** Your instructions **
Every line of the records below that holds the word "with" belongs in the answer.

** Record extracts **
+ + + + +

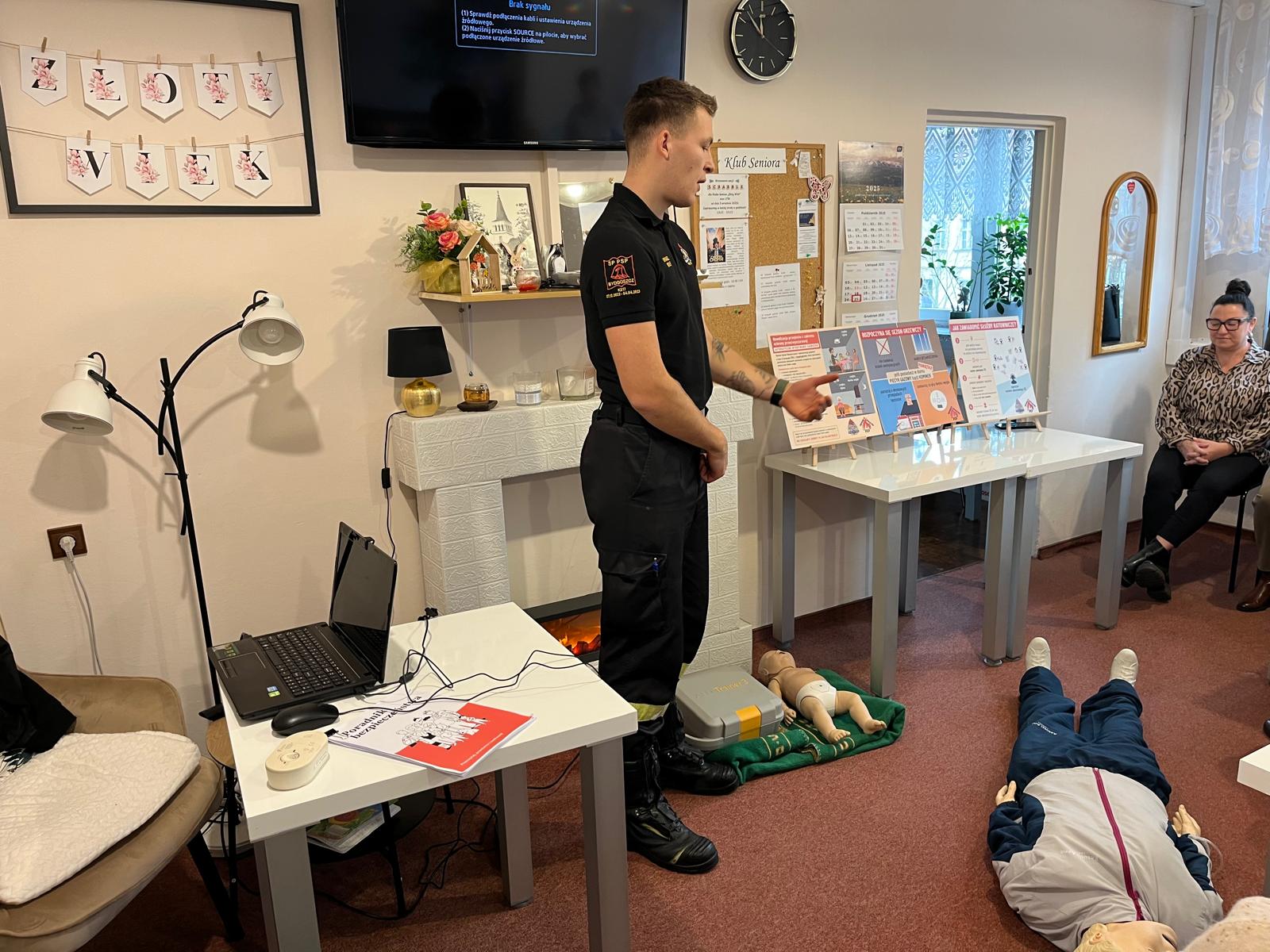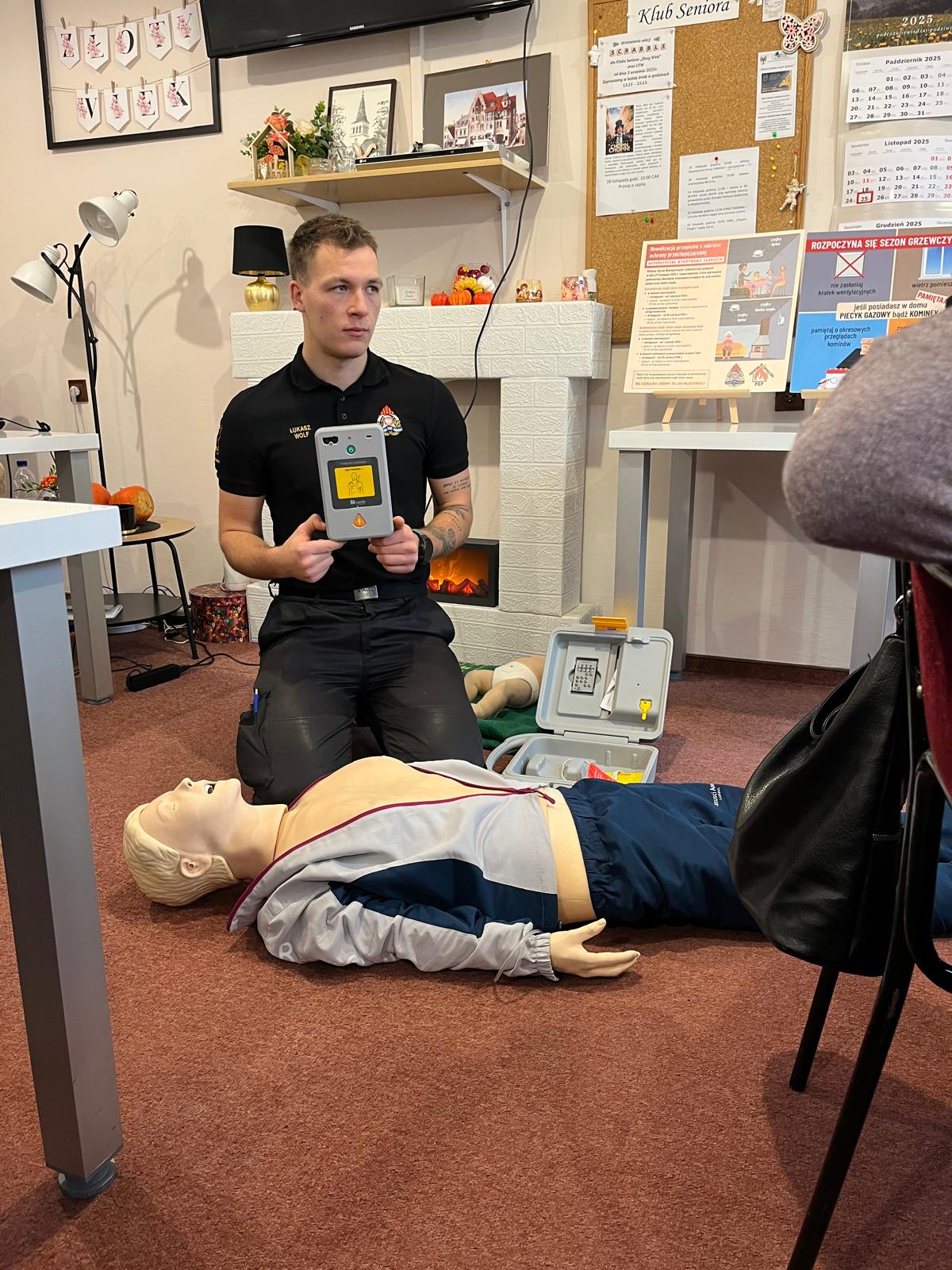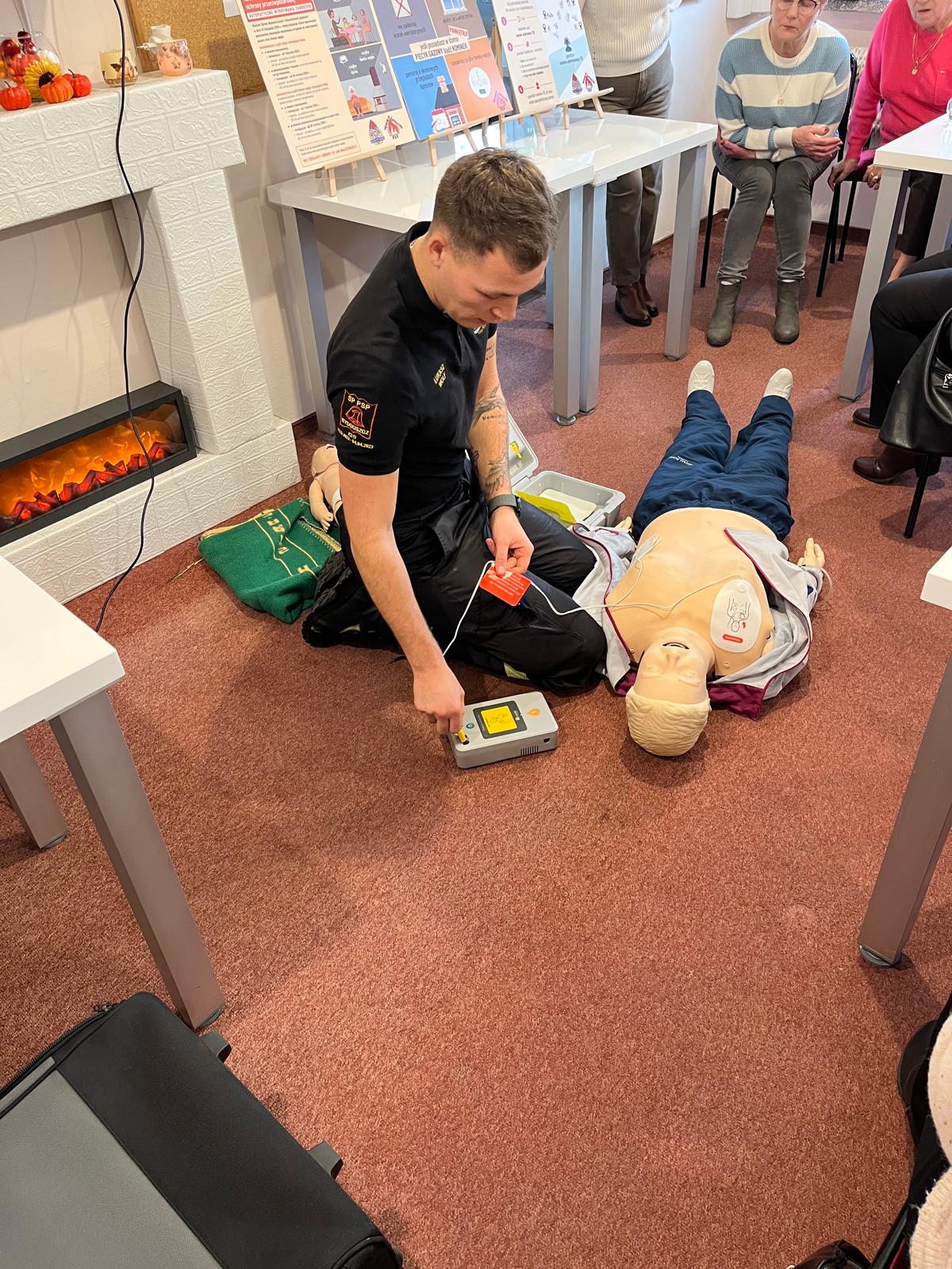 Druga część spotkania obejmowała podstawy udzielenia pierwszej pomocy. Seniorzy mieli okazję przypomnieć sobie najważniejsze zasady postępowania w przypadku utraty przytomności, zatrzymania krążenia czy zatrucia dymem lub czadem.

+ + + + +

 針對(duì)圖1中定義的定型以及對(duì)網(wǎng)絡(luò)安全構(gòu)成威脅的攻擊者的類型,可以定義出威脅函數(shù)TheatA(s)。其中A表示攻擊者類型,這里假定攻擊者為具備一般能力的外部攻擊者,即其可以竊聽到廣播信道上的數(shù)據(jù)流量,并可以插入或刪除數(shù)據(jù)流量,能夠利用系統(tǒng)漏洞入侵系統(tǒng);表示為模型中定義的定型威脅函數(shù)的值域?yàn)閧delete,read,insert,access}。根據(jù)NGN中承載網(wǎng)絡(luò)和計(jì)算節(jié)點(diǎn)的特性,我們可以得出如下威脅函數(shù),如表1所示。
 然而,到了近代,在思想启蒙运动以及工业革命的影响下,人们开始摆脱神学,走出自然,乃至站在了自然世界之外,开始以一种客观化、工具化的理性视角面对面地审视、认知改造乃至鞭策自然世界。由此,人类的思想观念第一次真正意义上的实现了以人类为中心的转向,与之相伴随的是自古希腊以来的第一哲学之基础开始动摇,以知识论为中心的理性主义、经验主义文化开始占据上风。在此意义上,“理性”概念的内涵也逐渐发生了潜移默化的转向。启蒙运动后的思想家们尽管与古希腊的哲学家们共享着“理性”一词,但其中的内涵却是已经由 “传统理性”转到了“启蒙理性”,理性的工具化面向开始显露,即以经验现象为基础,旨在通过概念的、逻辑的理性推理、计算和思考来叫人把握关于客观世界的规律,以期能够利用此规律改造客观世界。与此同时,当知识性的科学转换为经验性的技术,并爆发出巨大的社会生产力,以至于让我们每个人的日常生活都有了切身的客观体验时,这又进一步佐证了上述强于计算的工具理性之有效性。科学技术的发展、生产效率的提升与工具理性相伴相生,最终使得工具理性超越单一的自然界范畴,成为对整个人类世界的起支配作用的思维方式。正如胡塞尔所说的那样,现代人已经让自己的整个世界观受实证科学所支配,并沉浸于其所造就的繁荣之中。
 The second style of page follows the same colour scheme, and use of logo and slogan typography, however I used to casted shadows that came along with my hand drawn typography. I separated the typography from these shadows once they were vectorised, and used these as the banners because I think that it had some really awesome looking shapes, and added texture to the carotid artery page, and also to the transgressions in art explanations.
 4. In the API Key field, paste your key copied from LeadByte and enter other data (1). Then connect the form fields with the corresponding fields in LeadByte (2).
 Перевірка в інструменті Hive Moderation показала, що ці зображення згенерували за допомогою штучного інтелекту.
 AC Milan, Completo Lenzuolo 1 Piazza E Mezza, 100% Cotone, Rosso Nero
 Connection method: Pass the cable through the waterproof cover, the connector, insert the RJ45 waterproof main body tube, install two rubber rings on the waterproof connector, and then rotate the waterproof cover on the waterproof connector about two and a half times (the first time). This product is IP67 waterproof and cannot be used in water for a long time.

+ + + + +

** Written answer **
 The second style of page follows the same colour scheme, and use of logo and slogan typography, however I used to casted shadows that came along with my hand drawn typography. I separated the typography from these shadows once they were vectorised, and used these as the banners because I think that it had some really awesome looking shapes, and added texture to the carotid artery page, and also to the transgressions in art explanations.
 4. In the API Key field, paste your key copied from LeadByte and enter other data (1). Then connect the form fields with the corresponding fields in LeadByte (2).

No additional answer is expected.